The commenters here show their profound ignorance about the modern day world of kosher wine. Those of us who live in Israel are well aware that there are quite a few wineries that are now acknowledged as world class – on par with the best wines of Italy, France, etc.
As a point of education, there is a historical reason why kosher wines have traditionally been associated with syruppy sweetness and vastly inferior quality. These wines originated with the Jews of Eastern Europe. They had access only to grapes of inferior quality, that were unsuitable for making quality wines. Thus, to make the wines drinkable, they had no choice but to add large amounts of sugar. Thus, the wines that you associate with “kosher” are a product of only the last few centuries, and an unfortunate byproduct of the galut.
The wines of Israel (or Judea) of ancient times were likely of far superior quality as we now know that Israel’s climate and soil lends itself to grapes of outstanding suitability for wine making.
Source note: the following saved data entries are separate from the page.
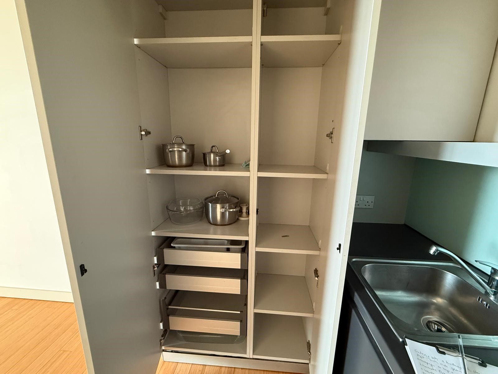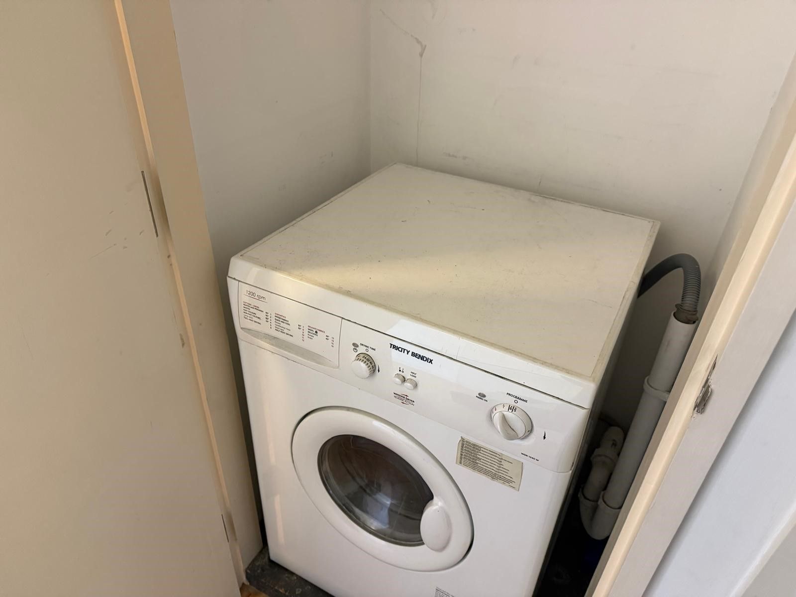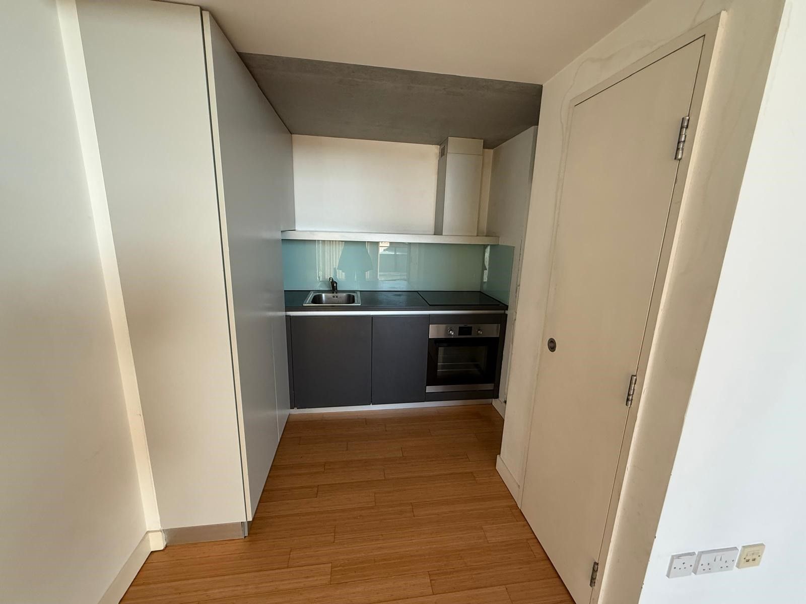 The large living room is bright and airy and has full floor to ceiling patio doors and windows to the balcony area making this room very inviting and light, with large blinds to the windows and laminate flooring. The living room opens up to the modern kitchen area. There are power points and internet points to this room.
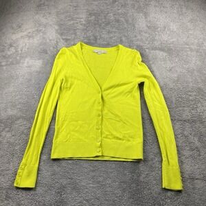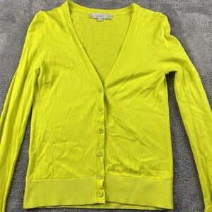 LOFT V-Neck Cardigan Sweater Womens XSP Petite Neon Yellow
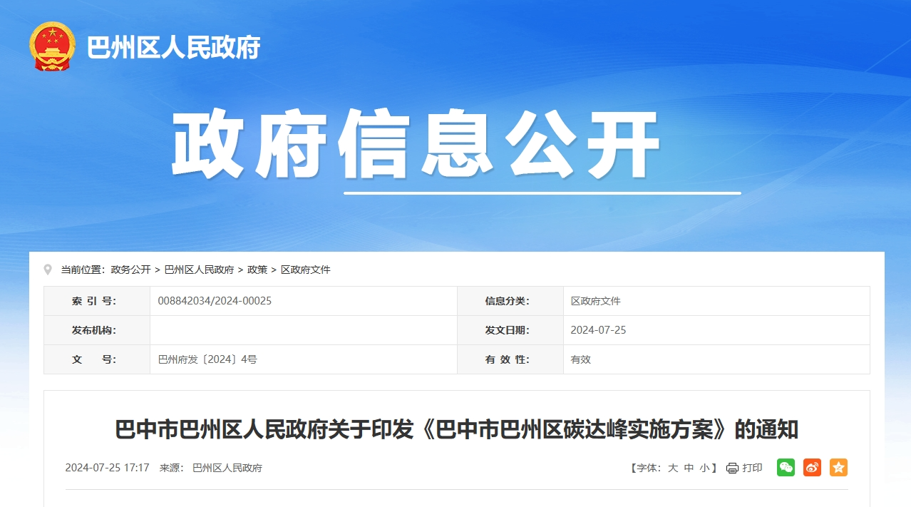 7月25日,四川巴中市巴州区人民政府关于印发《巴中市巴州区碳达峰实施方案》(以下简称《方案》)的通知。
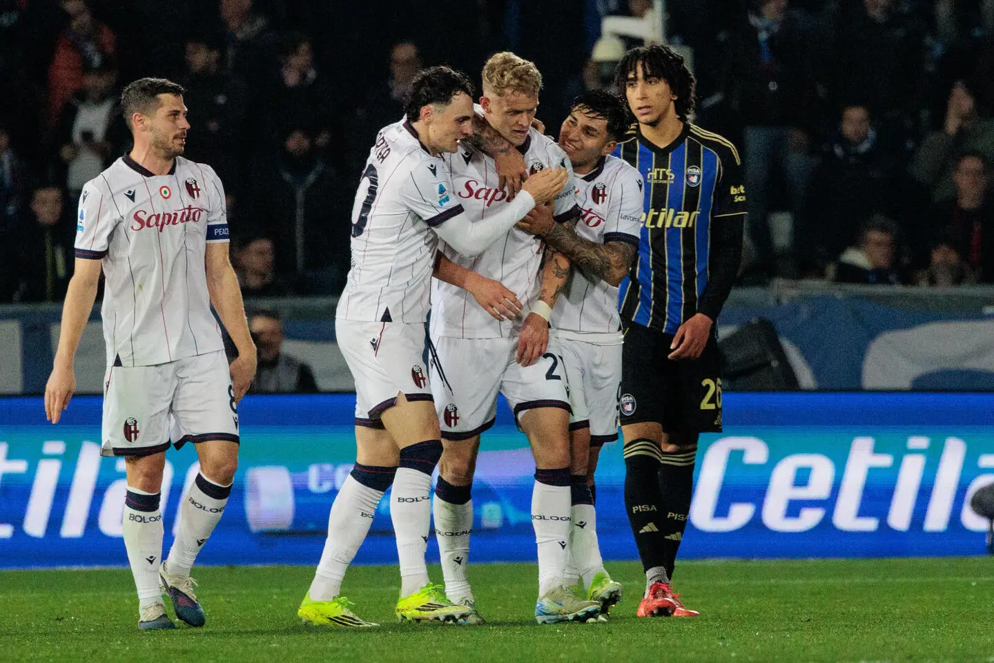 Pisa. Alla fine la vince Odgaard, ma il Bologna ringraziare soprattutto Skorupski e Zortea se è riuscito a battere il Pisa allo scadere. I toscani, infatti, avrebbero meritato molto di più. È il Bologna però a prendersi il bottino al termine di un match che ha giocato maluccio e che in più di una circostanza ha rischiato di perdere, un monumento per Zortea che ha tolto un pallone dalla porta su colpo di testa di Stoijlkovic. Il Bologna riesce solo a difendersi, i padroni di casa ci credono. Italiano prova a rimescolare le carte con l'ingresso di Orsolini e Odgaard e proprio il danese estrae dal cilindro il colpo da tre punti: il suo sinistro micidiale dai 20 metri al 90' si insacca all'incrocio dei pali. Cala il sipario con la quinta vittoria consecutiva del Bologna tra campionato e Europa League.

This tradition has now been reestablished by a new generation of wine making experts throughout Israel, who are making a name for themselves on the world scene.
Once again, this demonstrates that if you ensconce yourself in America, and see the Pacific northwest as the epitome of Jewish existence, you don’t even begin to realize what you are missing. I, for one, see no reason to “outsource” kosher wine making to the Italians, French or Australians. And because of the quality wineries within an hour drive from my front door, I buy only Israeli mades wines.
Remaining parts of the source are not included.